== MATERIAL PROVIDED ==

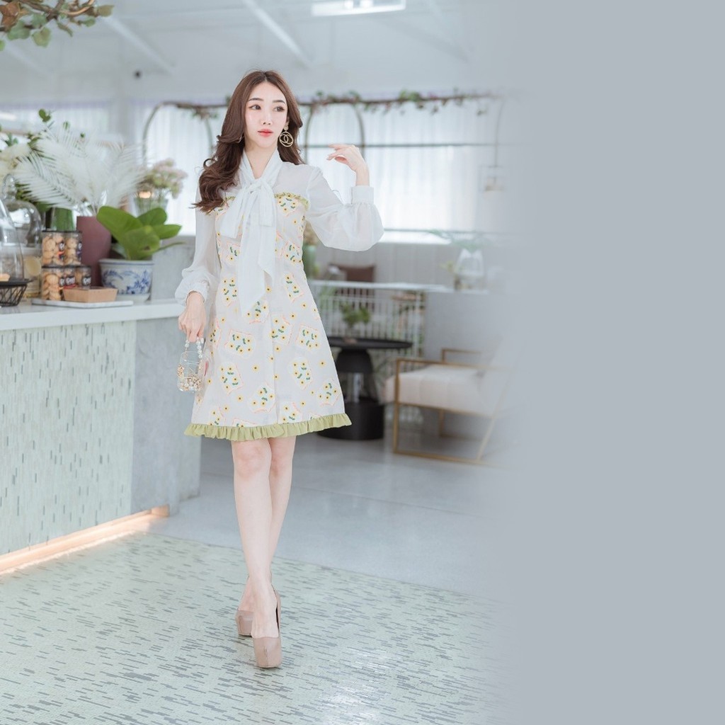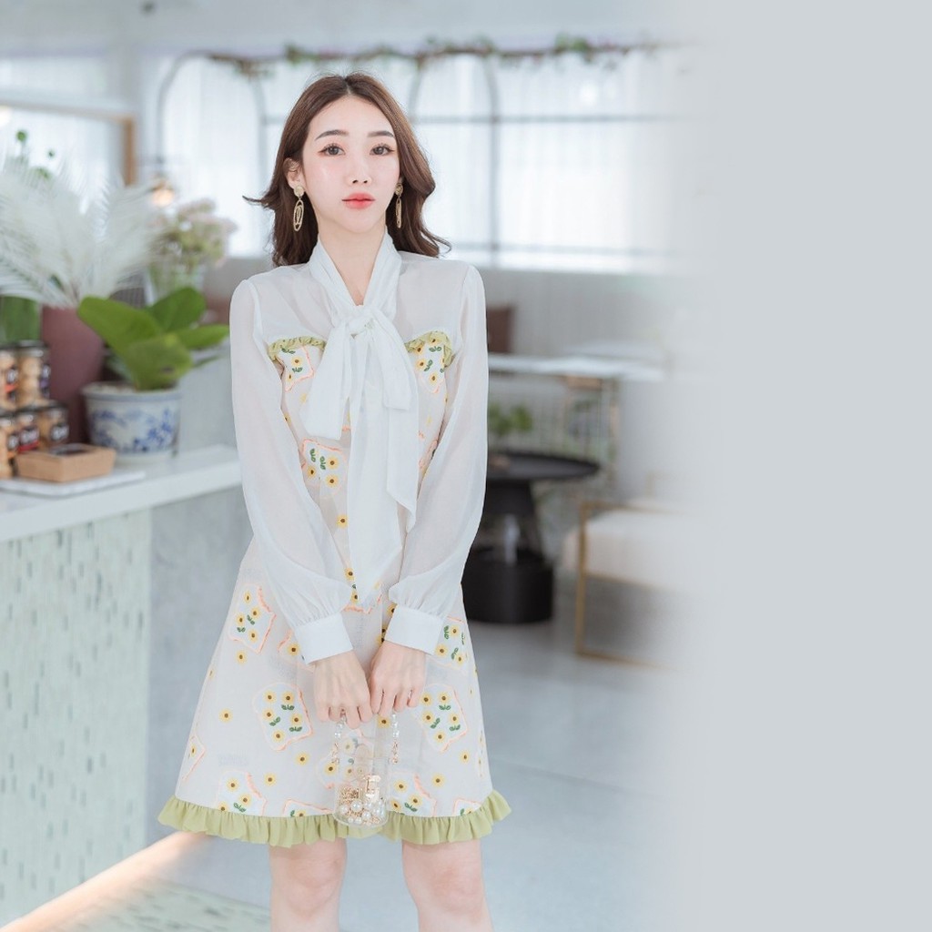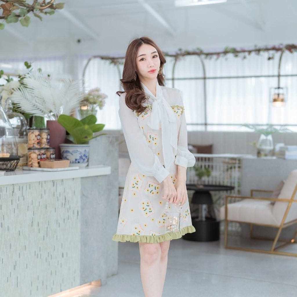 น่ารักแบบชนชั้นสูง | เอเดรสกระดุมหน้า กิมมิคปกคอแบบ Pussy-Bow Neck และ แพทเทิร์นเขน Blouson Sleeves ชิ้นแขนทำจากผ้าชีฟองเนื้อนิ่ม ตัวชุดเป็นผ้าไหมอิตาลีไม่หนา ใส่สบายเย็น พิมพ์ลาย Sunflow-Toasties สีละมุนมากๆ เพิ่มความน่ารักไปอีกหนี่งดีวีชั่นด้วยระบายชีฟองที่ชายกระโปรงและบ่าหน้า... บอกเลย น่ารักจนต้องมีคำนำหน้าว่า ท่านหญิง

===
== MATERIAL PROVIDED ==

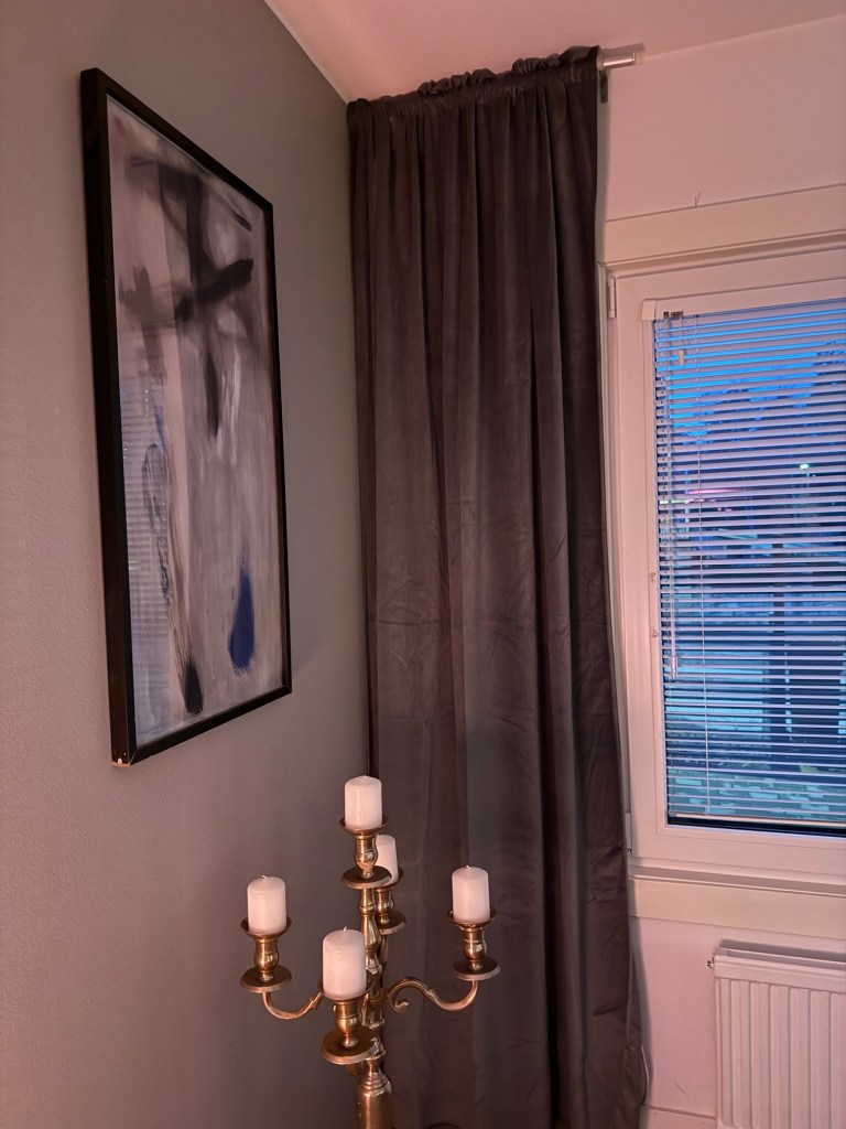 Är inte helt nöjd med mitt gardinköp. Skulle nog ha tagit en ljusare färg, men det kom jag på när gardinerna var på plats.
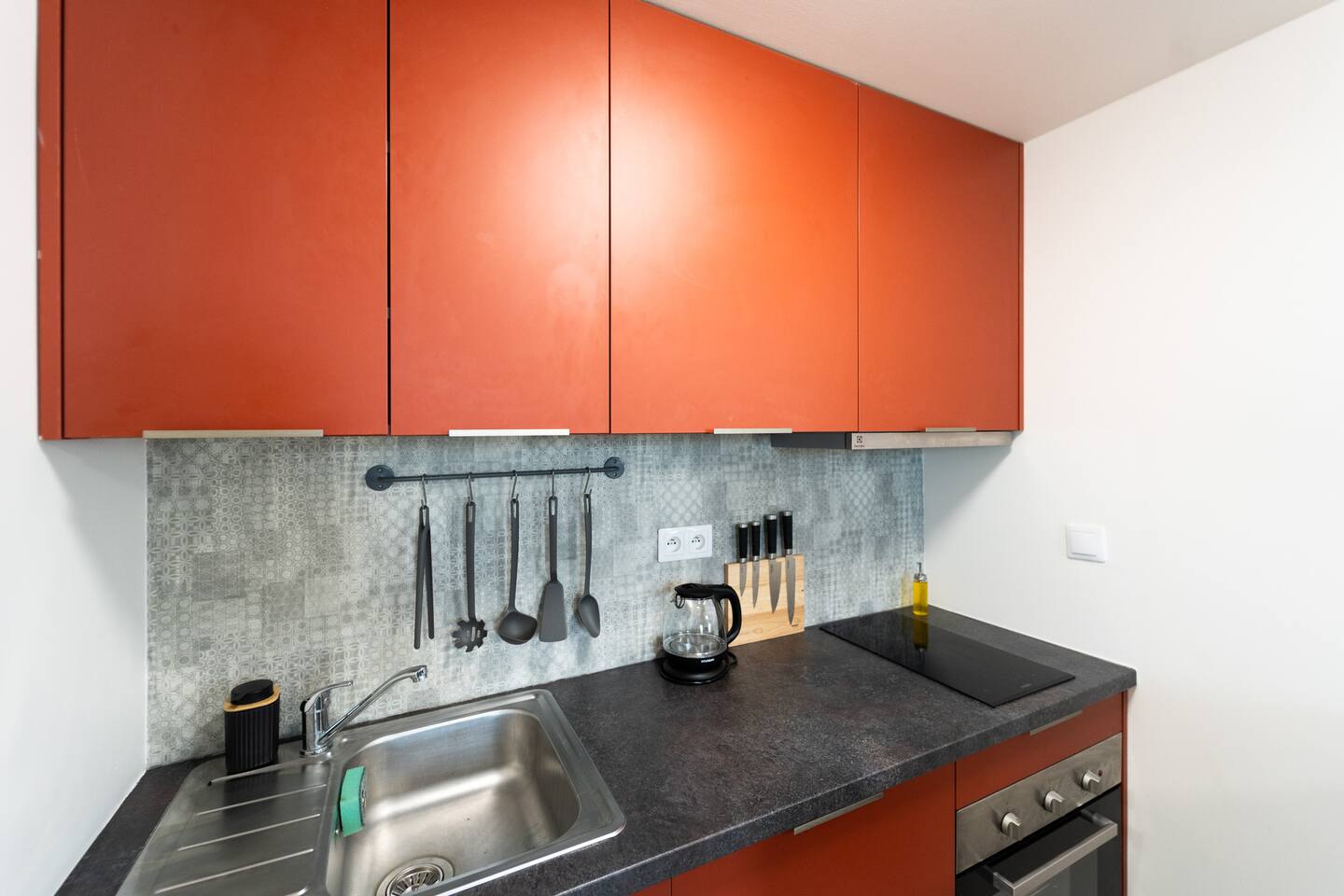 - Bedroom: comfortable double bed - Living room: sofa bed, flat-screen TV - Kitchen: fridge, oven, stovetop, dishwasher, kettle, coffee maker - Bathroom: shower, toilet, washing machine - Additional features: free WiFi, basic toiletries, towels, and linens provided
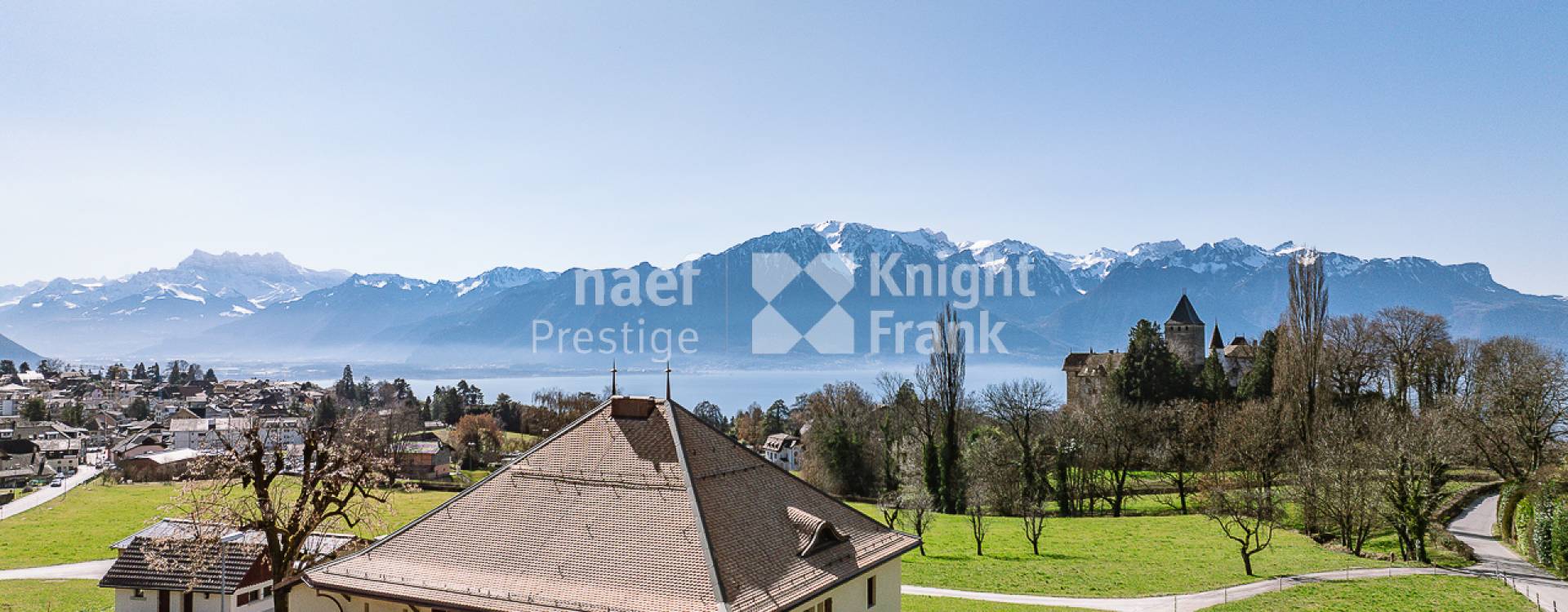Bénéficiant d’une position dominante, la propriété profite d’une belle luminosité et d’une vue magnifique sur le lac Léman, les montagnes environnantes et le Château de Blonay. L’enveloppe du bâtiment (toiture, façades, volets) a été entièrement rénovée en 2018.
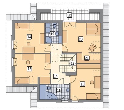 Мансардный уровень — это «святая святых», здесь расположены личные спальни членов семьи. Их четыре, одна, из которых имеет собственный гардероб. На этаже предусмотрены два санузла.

===

Copy exactly the lines of the entries above from the one containing "Bénéficiant d’une position" through the one containing "Мансардный уровень —". Both end lines count; pictures do not.

Bénéficiant d’une position dominante, la propriété profite d’une belle luminosité et d’une vue magnifique sur le lac Léman, les montagnes environnantes et le Château de Blonay. L’enveloppe du bâtiment (toiture, façades, volets) a été entièrement rénovée en 2018.
 Мансардный уровень — это «святая святых», здесь расположены личные спальни членов семьи. Их четыре, одна, из которых имеет собственный гардероб. На этаже предусмотрены два санузла.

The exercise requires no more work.